3. The encryption apparatus for a common-key cipher according to claim 2, wherein
the encryption operation unit performs a binomial operation or a monomial operation one or more times in accordance with predetermined processing steps, the binomial operation or the monomial operation using the plaintext blocks Pi (1≦i≦N),
the authentication operation unit performing a binomial operation or a monomial operation one or more times in accordance with predetermined processing steps, the binomial operation or the monomial operation using the ciphertext blocks Ci (1≦i≦N+2),
the encryption apparatus for a common-key cipher further comprising a unit for combining the plurality of acquired ciphertext blocks Ci (1≦i≦N+2) with the message-authentication-code blocks, and outputting the combined result as a ciphertext.
4. The encryption apparatus for a common-key cipher according to claim 2, wherein
the encryption operation unit performs the encryption operation by an exclusive-OR logical sum,
the authentication operation unit performing the authentication operation by an arithmetic multiplication and an arithmetic addition.
5. The encryption apparatus for a common-key cipher according to claim 2, wherein
the encryption operation unit performs the encryption operation by an exclusive-OR logical sum,
the authentication operation unit performing the authentication operation by a multiplication on a finite field and an arithmetic addition.
6. The encryption apparatus for a common-key cipher according to claim 2, wherein
the encryption operation unit and the authentication operation unit share the random-number blocks Ri (1≦i≦N+1) used by the encryption operation unit and the authentication operation unit.
7. The encryption apparatus for a common-key cipher according to claim 2, wherein
the encryption operation unit and the authentication operation unit use the random-number blocks Ri (1≦i≦N+1) which differ from each other.
8. The encryption apparatus for a common-key cipher according to claim 2, further comprising a pseudo random-number generation unit for generating the random-number string R from said secret key.
9. The encryption apparatus for a common-key cipher according to claim 8, further comprising:
a unit for dividing the message into a plurality of messages, the psuedo random-number generation unit generating the random-number string R whose random numbers are equivalent to the divided messages in number; and
a unit for allocating either of the divided messages and the random-number string R to different operation units each, and thereby causing a parallel processing to be performed.

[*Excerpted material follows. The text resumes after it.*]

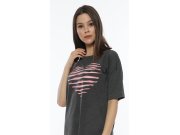Ženska kućna haljina s kratkim rukavima Srce. Udobna ženska haljina tipa dukserice ima u donjem dijelu vezicu za zatezanje. Na prednjem dijelu nalazi se slika srca s efektom koji podsjeća na proreze. Haljina je zahvaljujući svom kroju udobna i sigurno ćete je koristiti gotovo za sve slobodne aktivnosti. Korišteni materijal je ugodan i podatak na dodir.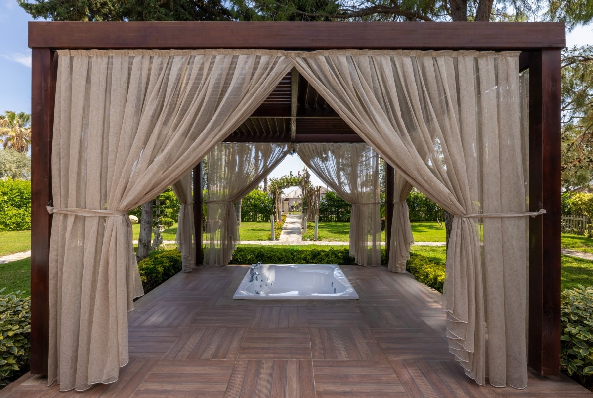 The resort boasts a private sandy-pebble beach equipped with sun loungers, umbrellas, cabanas, and beach service. Carefully designed beachfront areas allow guests to enjoy the Mediterranean in both social and more tranquil settings, ensuring comfort and exclusivity.

10. A decryption apparatus for a common-key cipher, comprising:
a unit for generating a plurality of ciphertext blocks C′i (1≦i≦N+2) resulting from separating a ciphertext on a specific-length basis;
an authentication operation unit for generating a random-number string R from a secret key,
generating random-number blocks Ri (1≦i≦N+1) from the random-number string R, and
performing an authentication operation for message-authentication-code blocks by using the ciphertext blocks C′i (1≦i≦N+2) and the random-number blocks Ri (1≦i≦N+1), the random-number string R being longer than the ciphertext, the random-number blocks Ri (1≦i≦N+1) being used for the authentication corresponding to the ciphertext blocks C′i (1≦i≦N+2); and
a decryption operation unit for
generating random-number blocks Ri (1≦i≦N) from the random-number string R, and
performing a decryption operation for plaintext blocks P′i (1≦i≦N) by using the ciphertext blocks C′i (1≦i≦N+2) and the random-number blocks Ri (1≦i≦N), the random-number blocks Ri (1≦i≦N) being used for the decryption corresponding to the ciphertext blocks C′i (1≦i≦N+2).

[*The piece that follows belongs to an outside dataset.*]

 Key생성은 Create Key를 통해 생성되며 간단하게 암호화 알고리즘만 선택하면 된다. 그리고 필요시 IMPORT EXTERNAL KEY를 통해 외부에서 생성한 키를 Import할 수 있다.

11. The decryption apparatus for a common-key cipher according to claim 10, wherein
the authentication operation unit and the decryption operation unit use the one or more random-number blocks Ri (1≦i≦N+1),
the total-sum length of the one or more random-number blocks Ri (1≦i≦N+1) being longer than the total-sum length of the plaintext blocks P′i (1≦i≦N), and being shorter than two times the total-sum length of the plaintext blocks P′i (1≦i≦N).

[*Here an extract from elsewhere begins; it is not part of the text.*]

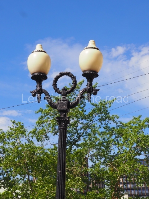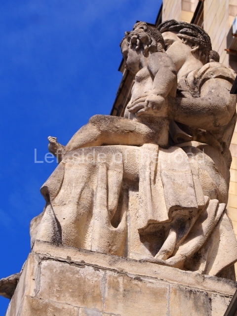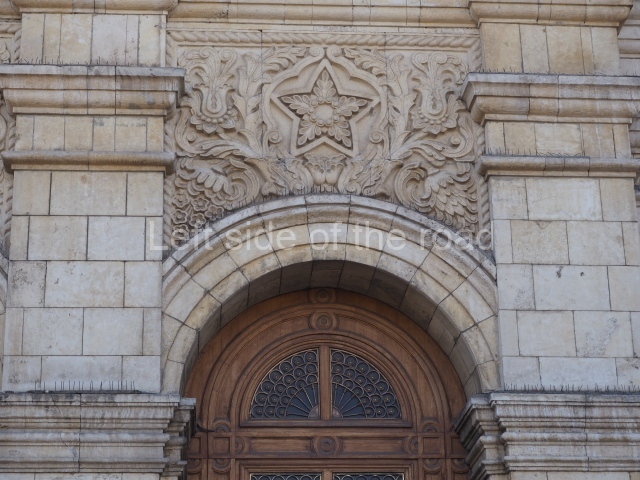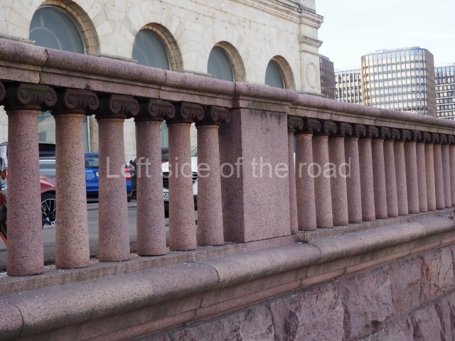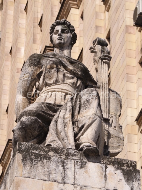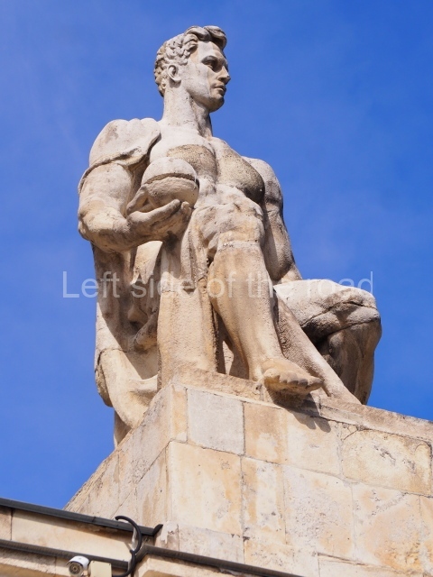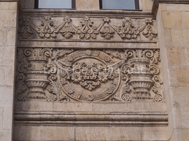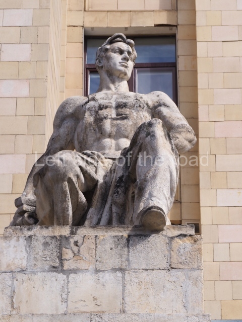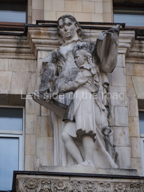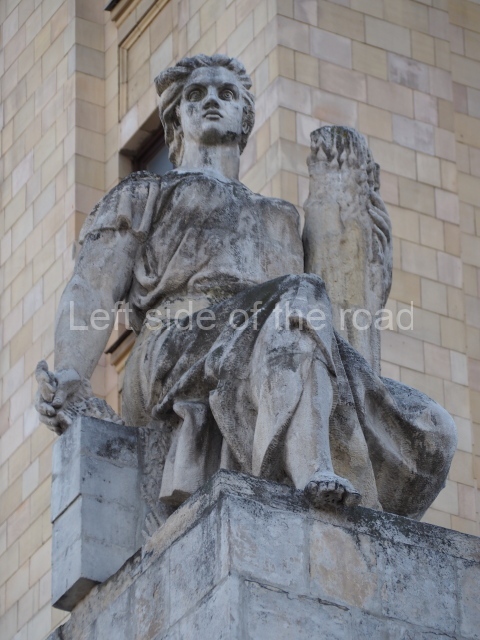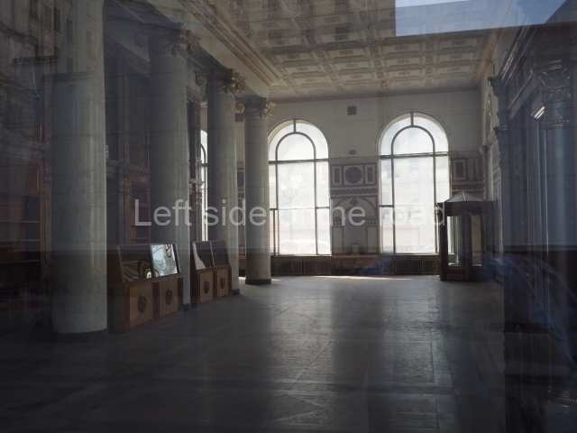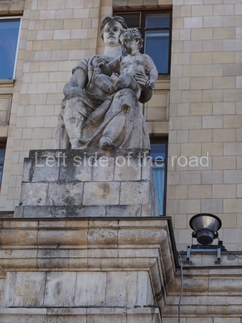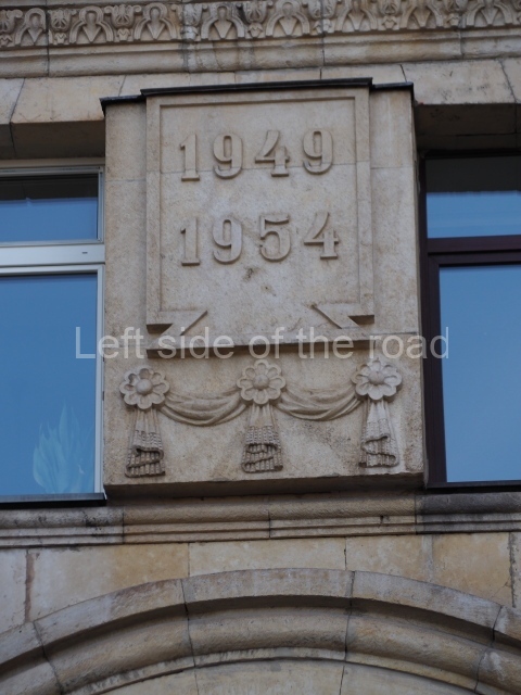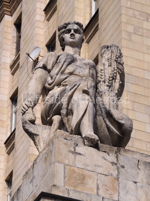 The building was richly decorated but lacked a unified stylistic direction. The parapets are in the ancient Roman style. The lobbies decorated with marble columns, stained-glass windows, and lamps in the form of candelabra are a reminiscence of Gothic interiors. The pointed turrets around the spire resemble the domes of an Eastern Orthodox church. On the roof of the stylobate, there are sculptural portraits of Soviet workers and soldiers.

12. The decryption apparatus for a common-key cipher according to claim 11, further comprising:
a unit for connecting the plurality of plaintext blocks P′i (1≦i≦N) thereby to generate a plaintext;
a unit for extracting redundant data included in the plaintext; and
a unit for checking the redundant data thereby to detect the presence or absence of a forgery that may have been performed to the ciphertext.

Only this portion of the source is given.